Биплан
Сейчас, когда я лечу на высоте в фут над шоссе номер 80, я должен быть несколько более внимательным, чем тогда, когда между колесами и землей пятьсот или тысяча футов. Сейчас я могу почувствовать себя гонщиком, но без неприятностей, которыми грозит его ремесло. Если я не впишусь в поворот, я могу преспокойно следовать дальше, за ограничительный бордюр, пролететь над деревьями и камнями и не ощутить ни малейшего подрагивания своей машины.
Внезапно из-за холма мне навстречу выныривает автомобиль. Ручку резко на себя и вираж в сторону солнца, чтобы отлететь на положенные пятьсот футов. Я невольно улыбаюсь. Каково бы, интересно, было мне, следуя в автомобиле по обыкновенной дороге, въехать на холм и тут нос к носу столкнуться с самолетом, который несется мне прямо в лобовое стекло? Со стороны пилота не слишком вежливо так поступать по отношению к людям, хотя в этом и нет ничего запретного. Нужно сначала заглядывать за гребень холма, чтобы не напугать ненароком какого-нибудь несчастного водителя, который хотел бы побыть наедине со своим размеренно пыхтящим поездом мыслей.
Мы следуем дальше, выглядывая сперва из-за холмов и лишь затем плотно прижимаясь к дороге. Раз или два наши колеса случайно задевают асфальт по обе стороны от осевой линии.
Я смотрю на часы — неплохое начало. Мы летим уже больше четырех часов и ушли далеко вперед от того места, где я рассчитывал быть в это время. Впереди по курсу на карте значится город Рейнджер, штат Техас, а в нем — аэропорт. Я поднимаюсь повыше и отыскиваю взглядом водонапорную башню, место пересечения с еще одним шоссе и недостроенное здание. А вот и аэропорт. Для такого маленького городка он просто огромный — три грунтовые полосы пересекаются под углом друг к другу, а рядом — пара ангаров. Делаем круг, смотрим на ветровой конус, затем, поблагодарив мысленно человека, который решил организовать более чем одну посадочную полосу, разворачиваемся против ветра и устремляемся к земле.

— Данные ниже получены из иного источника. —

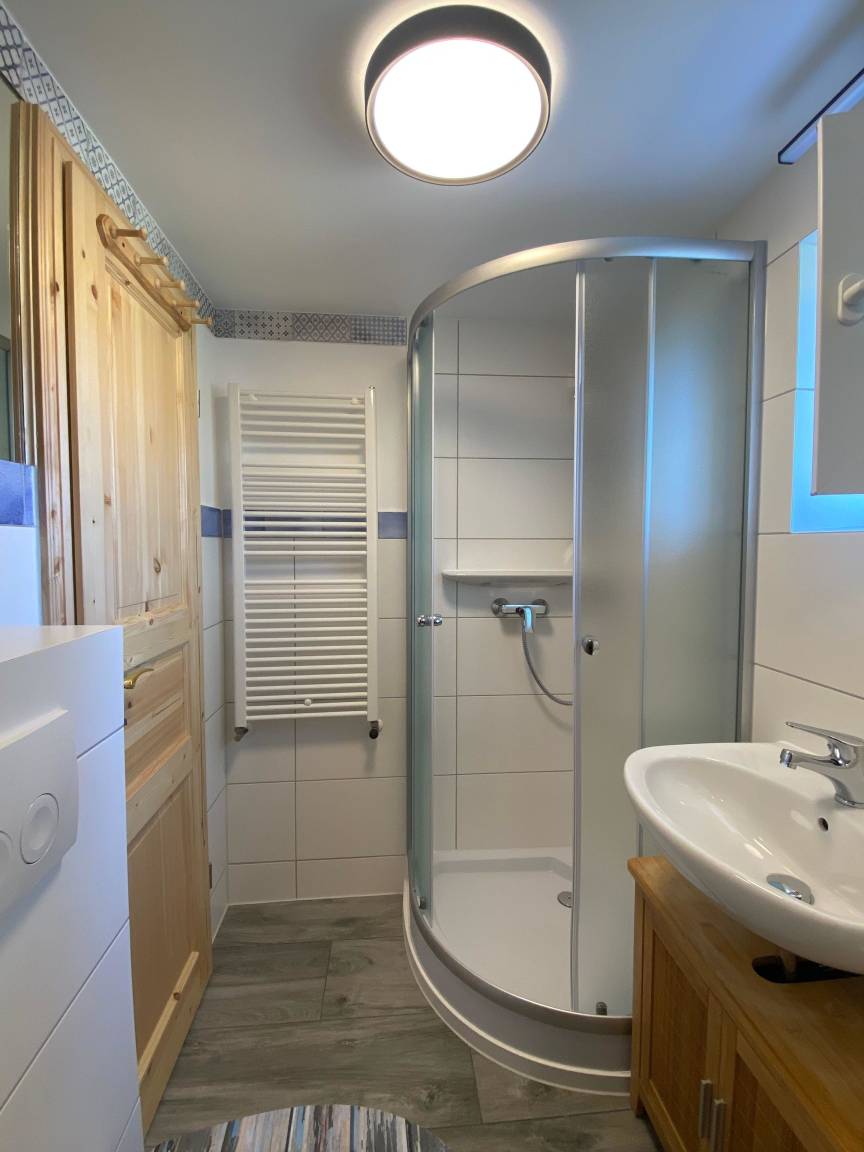 Im Erdgeschoss befinden sich 3 Schlafzimmer und 2 Badezimmer mit Dusche und WC.

Еще даже не наступило время ланча, а я уже проделал пять сотен миль от Луизианы. Расстояние внушительное, и я этим горжусь, хотя где-то в будущем /прошлом/ я летал на самолетах, которые такое расстояние пролетали меньше чем за час, и даже на таких, которые смогли бы покрыть его за двадцать минут. В таком контрасте, в смещенном спектре времен и самолетов должен быть какой-то смысл. Но сейчас я устал от четырехчасового сидения на твердом, как камень, парашюте, поэтому поиски смысла отходят на второй план, на первый же выходит роскошь распрямиться и сделать несколько шагов по неподвижной земле. Полет идет как по маслу. Все в соответствии с планом, который я себе наметил. И сейчас, в городе Рейнджер, штат Техас, вытирая с ветрового стекла и капота масло, я не думаю ни о планах, ни о будущем.
10
Извините, мистер, но я не буду крутить ваш пропеллер. И заводную рукоятку тоже. Страховка. Страховка не возместит мне убытки, если я получу увечье.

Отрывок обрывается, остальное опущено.